The upregulation of TMEM44, FKBP10, and TRIB3 was confirmed between the adjacent and tumoral tissues based on dataset GSE40435 from the GEO database (Fig. 6a). Gene correlation analyses between VSX1 and TMEM44, FKBP10, or TRIB3 were also performed based on dataset GSE40435. TMEM44, FKBP10, and TRIB3 were positively correlated with VSX1 (Fig. 6b). Next, the expression of these genes was detected by qRT-PCR in 20 pairs of ccRCC tissues and adjacent nontumoral tissues. There was no significant difference in the expression of TMEM44 between cancerous samples and adjacent noncancerous tissues (Fig. 6c), but both FKBP10 and TRIB3 mRNA were upreglated in most cancerous samples (Fig. 6d and e).
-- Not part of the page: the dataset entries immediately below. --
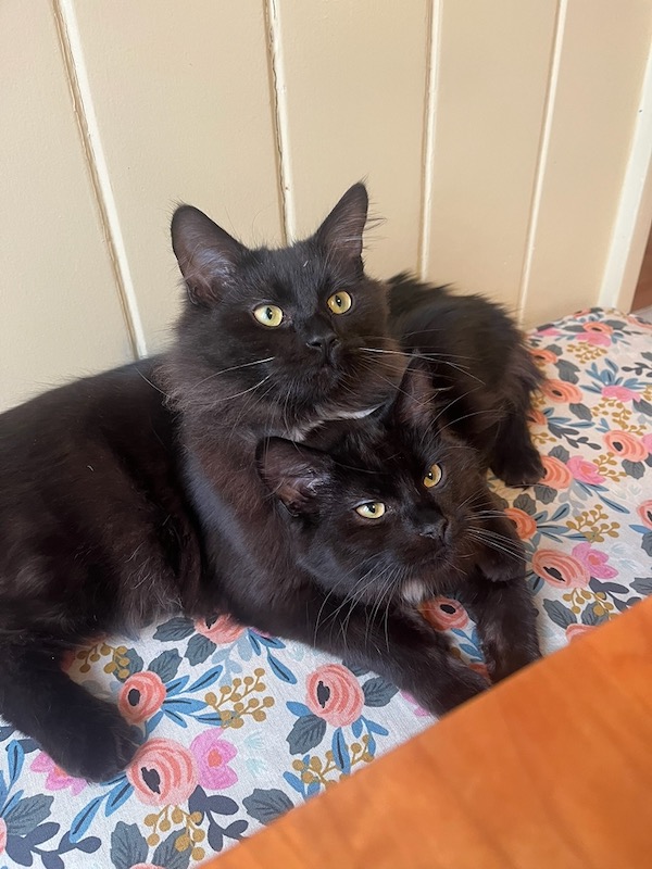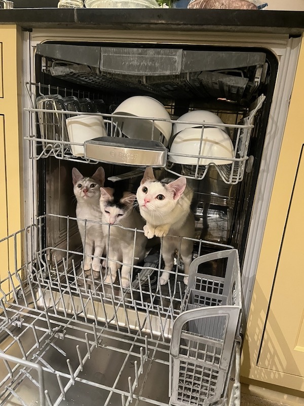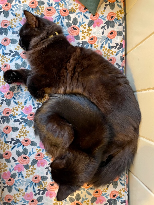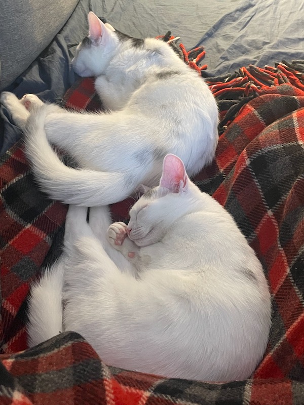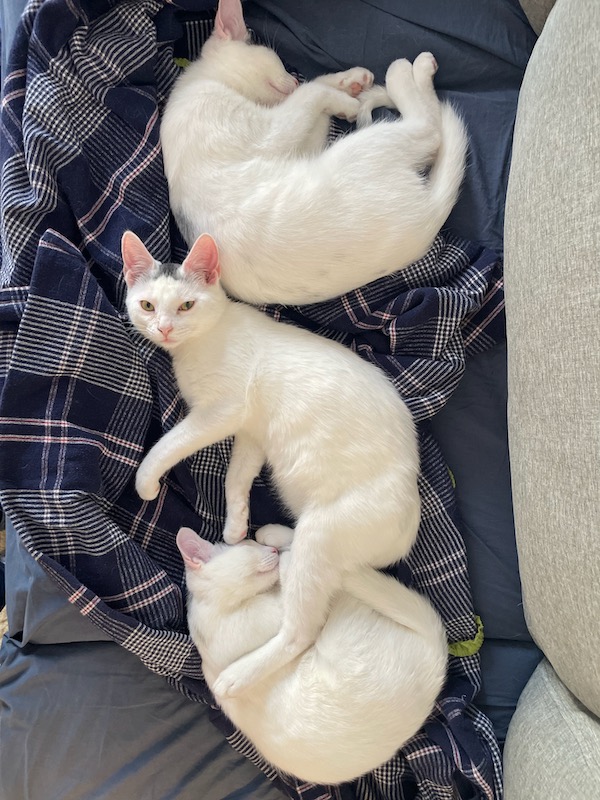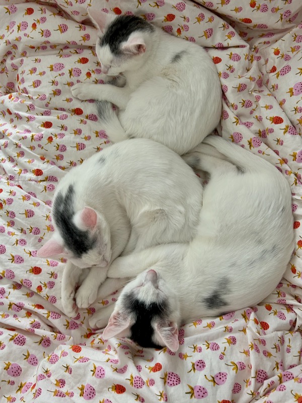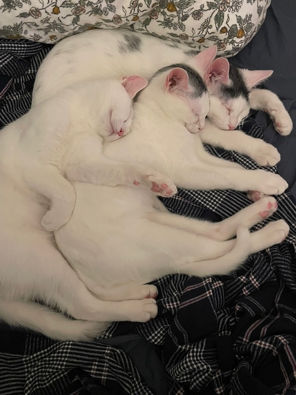 Having cats – especially three – can sometimes feel like a handful. They take turns acting aggressively affectionate by jumping into your lap and insisting on lots of pets. They are all loud purrers. But I do love to watch them playing and sleeping contentedly.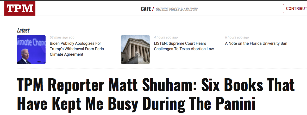 Comment below with some of your favorites! Also: You can always purchase any of the books by visiting our TPM Bookshop profile page.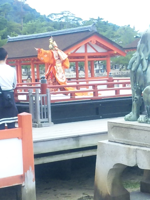 宮島の駅に着きますと、蘭陵王の像がお出迎えして下さいます。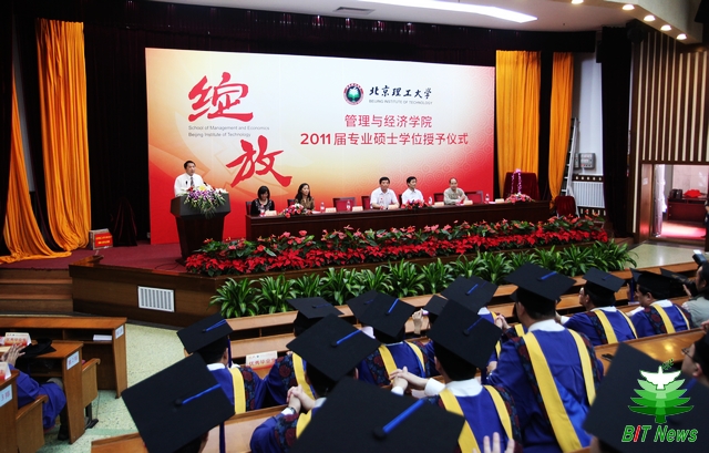 9月24日,米兰milan官方网站管理与经济学院2011届专业硕士学位毕业典礼在中心教学楼一层报告厅隆重举行,米兰milan官方网站校党委副书记侯光明、管理与经济学院书记李金林、管理与经济学院副院长朱东华、管理与经济学院副院长王兆华以及汪涛、肖淑芳、胡瑞法三位教授应邀出席了毕业典礼,部分毕业生亲属也到场观礼,与全体毕业生一同欢庆。典礼由管理与经济学院副院长朱东华主持。

The dual-luciferase reporter gene assay revealed that the knockdown of VSX1 expression significantly decreased the relative luciferase activities of TMEM44, FKBP10, and TRIB3 (Fig. 6g), while the overexpression of VSX1 increased the relative luciferase activities of these genes (Fig. 6h). Next, VSX1 protein levels were changed by either knockdown or overexpression in vitro, and the expression levels of TMEM44, FKBP10, and TRIB3 in Caki-1 and 786-O cells were analyzed via qRT-PCR, respectively. The expression of TMEM44, FKBP10, and TRIB3 was downregulated by the knockdown of VSX1 compared with the negative control in Caki-1 cells (Fig. 6i), and similar results were confirmed in 786-O cells (Fig. 6j). The CCK-8 assay showed that significantly enhanced growth in 786-O cells with stable VSX1 overexpression was almost restored to normal by the knockdown of FKBP10 (Fig. 6k).
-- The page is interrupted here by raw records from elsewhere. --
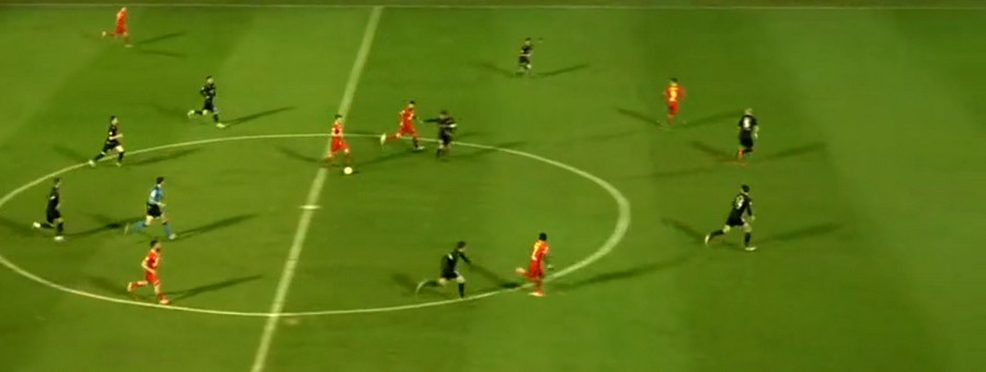 Così per esempio, invece di assistere al lancio lungo di Martinelli, in fase di costruzione Atanasov e Celiento si abbassavano di qualche metro invitando gli ospiti al pressing, che tuttavia risultava poco efficace in quanto Tounkara e Bunino restavano larghi e Bensaja finiva per staccarsi dalla linea mediana trovandosi a metà strada fra Corapi e DeRisio, che con il fraseggio corto e rapido salivano velocemente tagliando in due la formazione ospite.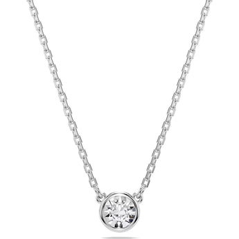 L'eleganza disinvolta è alla tua portata con questo radioso pendente Imber. Sospeso su una delicata catenina con chiusura con gancio a moschettone, il design placcato rodio presenta un cristallo centrale taglio Round in una montatura a castone bombata. Un singolo Swarovski Zirconia è inoltre inserito sul prolungamento per aumentarne ancora la radiosità. Indossa questa creazione per elevare il tuo stile di tutti i giorni.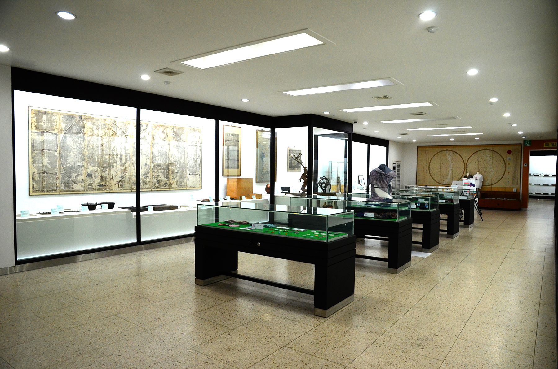 세종대왕기념관 내부 전시실은 한글실, 과학실, 국악실, 일대기실, 옥외전시실 등으로 나누어져

The CCK-8 assay showed significantly inhibited growth in Caki-1 cells with stable FKBP10 knockdown (Additional file 4: Fig. S2a), while the Transwell assay demonstrated that the knockdown of FKBP10 inhibited the migration and invasion abilities of Caki-1 cells (Additional file 4: Fig. S2b and c). Colony formation assays revealed that FKBP10 knockdown in 786-O cells inhibited colony formation (Fig. 6l and Additional file 4: Fig. S2d). In addition, the tumor sphere formation assay indicated that the ability to inhibit the tumor sphere formation in 786-O cells with the knockdown of FKBP10 after stable VSX1 overexpression was stronger than that in the shNC group (Additional file 4: Fig. S2e and f). A Transwell assay was performed to illuminate the impact of FKBP10 on the behavior of 786-O cells and showed that downregulation of FKBP10 inhibited the migration and invasion ability of the cells compared with the shNC group (Additional file 4: Fig. S2g and h). These findings suggested that VSX1 affected tumor invasiveness via transcriptionally regulating FKBP10.